After the first heady idealistic days of early independence, making political statues has become embarrassing for contemporary artists. The language of contemporary art is anti-establishment, while the public demand is for idealized neo-classical representations. Then who makes these statues? The good sculptors are usually trained in the big art schools and specialize in making political portraits, or are from traditional families of sculptors. Some time ago I visited a factory near Gwalior which takes orders to make political statues from most of North India. As a busload of us approached, we saw acres and acres of spectacular rolling hillocks, set with dramatic groups of figures of political leaders all gesturing into the air in their characteristic poses: Netaji Bose, Rajiv Gandhi, Indira, Nehru, Dr. Ambedkar, Bhagat Singh, Jhansi ki Rani, Mahatma Gandhi. It was an amazing sight: the heroes, the vast sky, the bare landscape, and the larger than life tableaux in various perspectives in the clear light of the panoramic view. The factory makes fibre-glass casts first from the clay models, then takes moulds from them and casts them in bronze. The waste fibre-glass models are then placed on the site, making a kind of unmeant installation of dark post-modernist satire. 

Who then can be the heroes of our times, and how can we celebrate their lives?

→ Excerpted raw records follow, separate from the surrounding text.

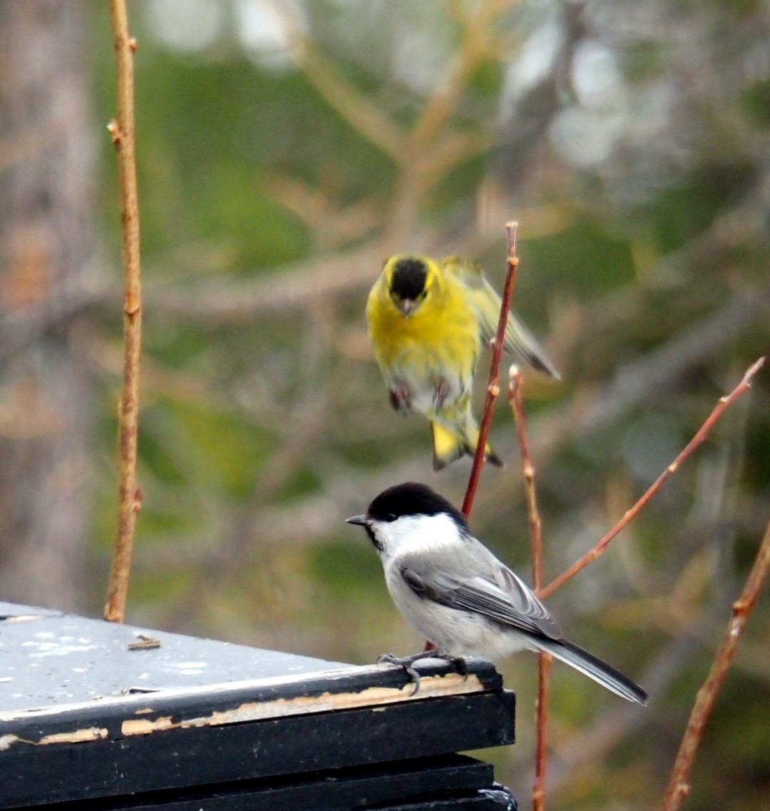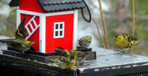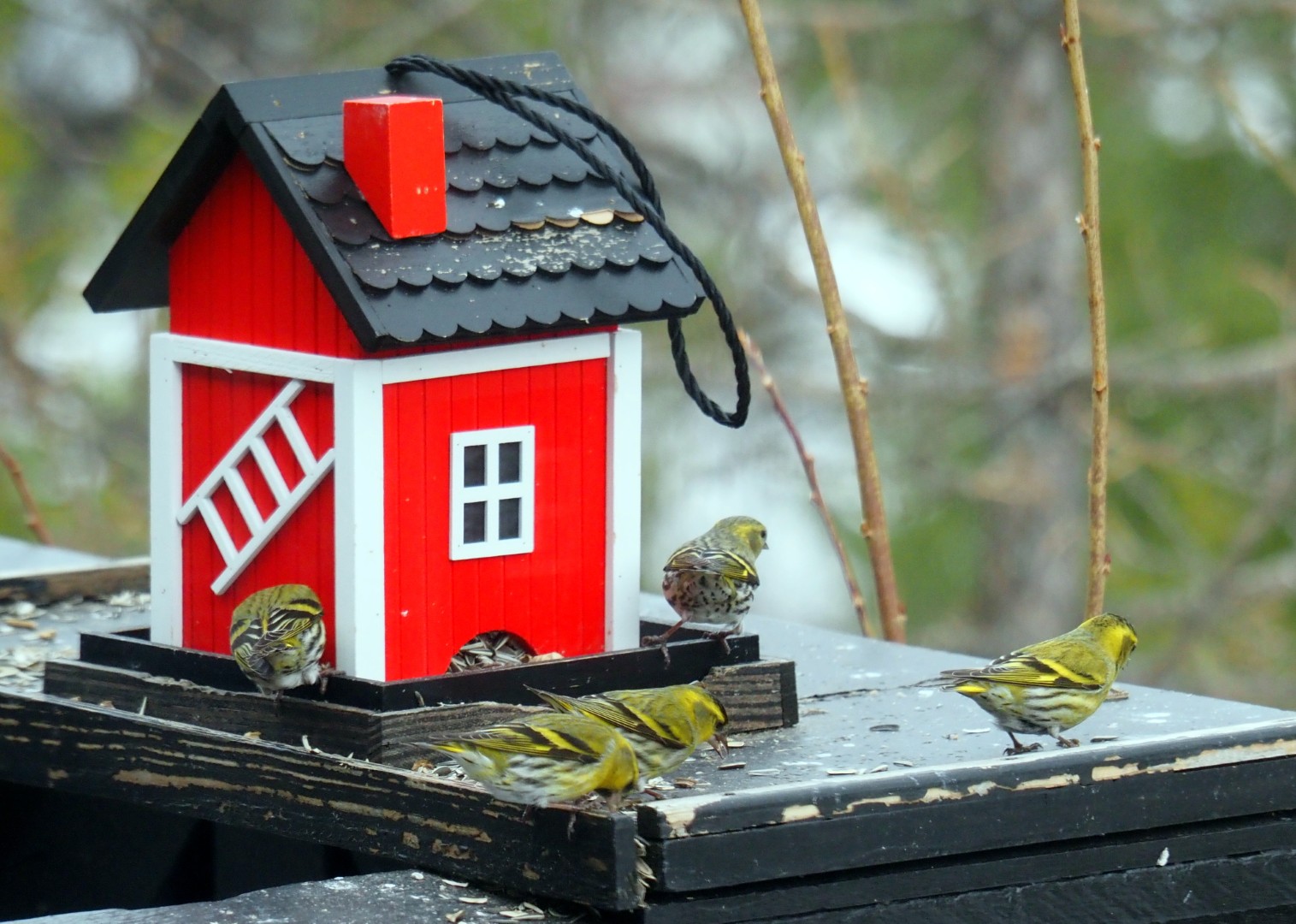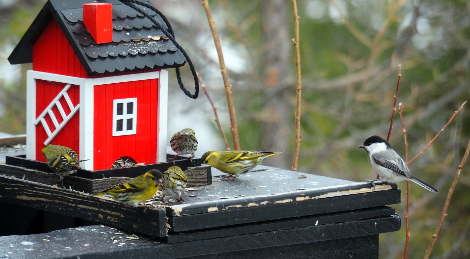 Granmeis, svarte meis, grønnfink, gråsisik. Matkop, zwarte mees, groenling en grote barmsijs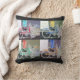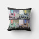 The colorful artwork on this Throw Pillow was made from an original photograph by ZoeSPEAK of a bicycle parked outside a shop in Key West, Florida. Clothing from the shop hangs on the open door behind the bicycle. The photo is done in four color schemes, red bike, blue bike, green bike and yellow bike, with corresponding clothing colors. The backgrounds are in muted shades of mauve and olive grays, and the overall background is a marbled black.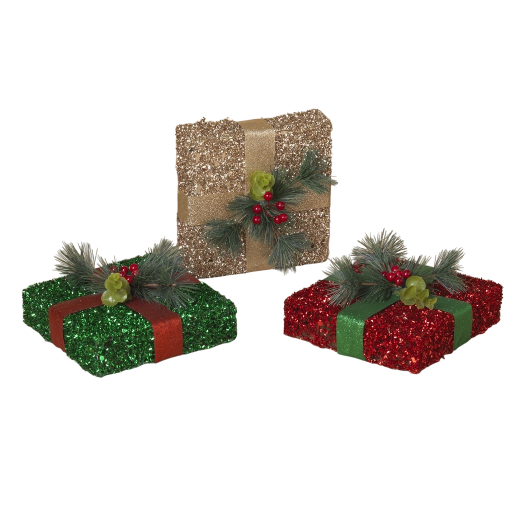 Elevate your holiday décor with our Glittering Holiday Gift Decorations, a delightful trio of faux gift boxes that encapsulate the cheer and sparkle of the season! Each box measures 8 inches by 8 inches and is adorned with shimmering glitter and festive foliage, showcasing vibrant colors that include classic green, rich red, and elegant gold. Topped with beautifully crafted embellishments, each box makes for a brilliant centerpiece or decorative accent that captures the spirit of gift-giving.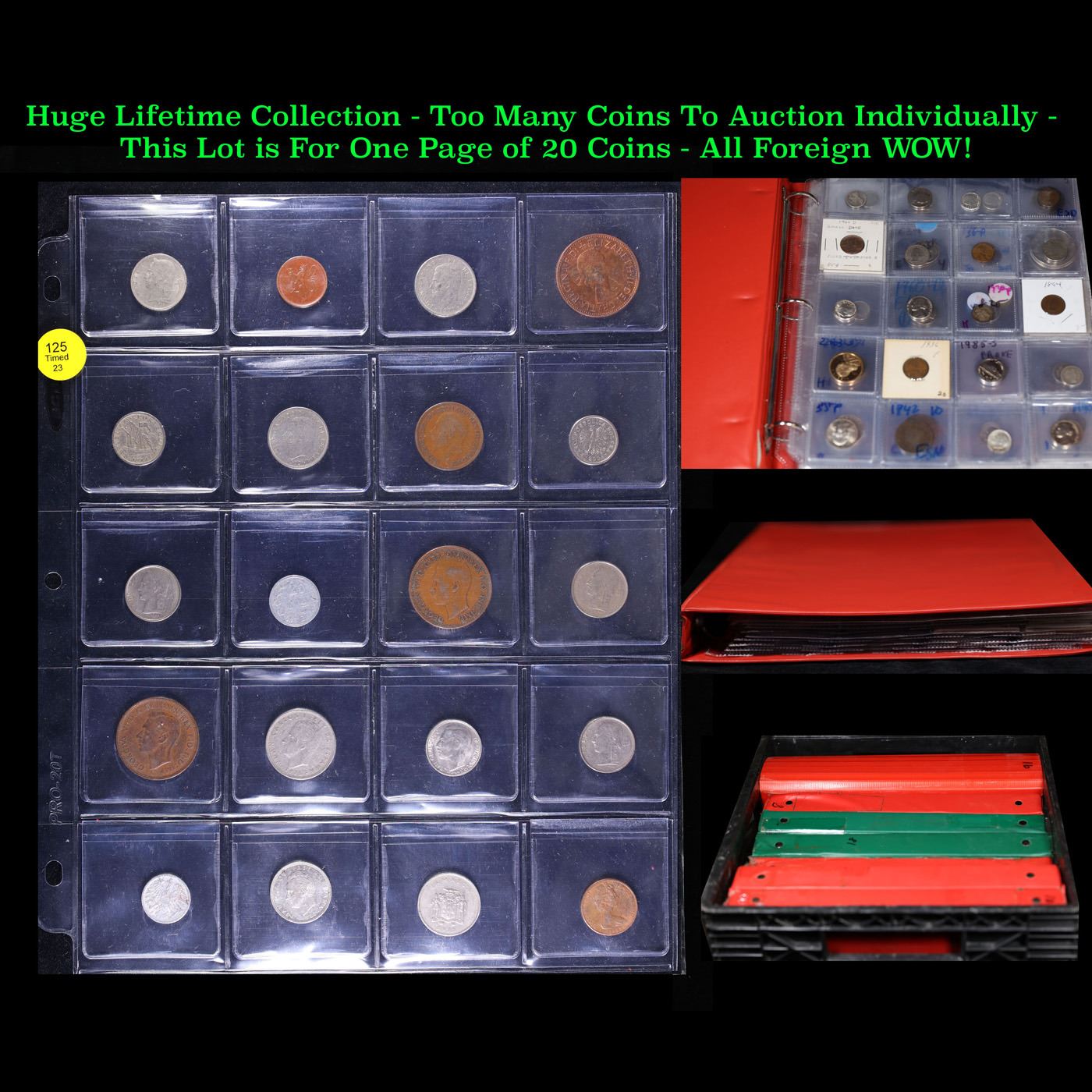 Huge Liifetime Collection - Too Many Coins To Auction Individually - This Lot is For One Page of 20 Foreign Coins. We have received a huge collection of over 10 thousand US coins in flips, 2x2 holders, and 20 coin pages. We are forced, due to limited lots, to sell this collection in pages of 20 coins. All of the pages include Silver Coins. Most contain Indian Cents, Proof Coins, Barber Coinage, Bust Coinage, Lincoln Cents, Flying Eagles, Jefferson Nickels, Roosevelt Dimes, Buffalo Nickels, Eisenhower Dollars, Kennedy Halves, Large Cents including some Draped Bust Large Cents, Mercury Dimes, and Liberty V Nickels. These pages could not be reviewed by anyone in our office due to time constraints. We estimate the value of each page to meet or exceed $200 in value! Good luck and happy hunting.

I recently saw The Advocate, a film made by Deepa Dhanraj on the Hyderabad lawyer KG Kannabiran, one of the founders of the human rights and civil liberties movements in India, a man who has spent a lifetime challenging the Indian State to uphold justice. While the first part of the film is a biography and history dominated by his charismatic presence, the second half, with interviews with his wife and colleagues, contains a critique. He is never shown larger than life, but as passionate, hardworking, brilliantly analytical, firm in his beliefs and relentlessly persistent. His wife, prominent in the women’s movement herself, critiques him for his lack of interest in women’s issues as being central to human rights; his colleagues, for other weaknesses in his thinking and practice. But finally, the film in both its parts makes a monumental plea for a way of life that is serious minded and committed to social justice, lit up with an intense life-energy. At a time of extreme hysteria over icons and symbols, the biography shows that a reasoned analysis and historical sense need not belittle, nor aggrandize, an exemplary life.